BEGIN Extracted data

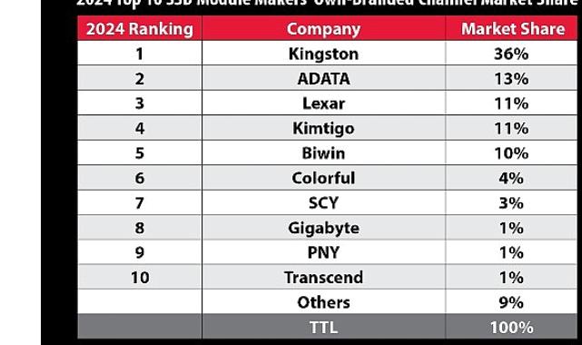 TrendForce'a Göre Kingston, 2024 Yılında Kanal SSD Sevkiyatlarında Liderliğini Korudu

END Extracted data
BEGIN Extracted data

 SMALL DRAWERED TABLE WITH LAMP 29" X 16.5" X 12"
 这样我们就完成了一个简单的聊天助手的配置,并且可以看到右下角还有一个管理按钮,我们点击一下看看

END Extracted data

▶ **What you will do**
Go back to the listing above. Copy word for word the lines from the one with "SMALL DRAWERED TABLE" through the one with "这样我们就完成了一个简单的聊", and nothing more.

▶ **Response area**
 SMALL DRAWERED TABLE WITH LAMP 29" X 16.5" X 12"
 这样我们就完成了一个简单的聊天助手的配置,并且可以看到右下角还有一个管理按钮,我们点击一下看看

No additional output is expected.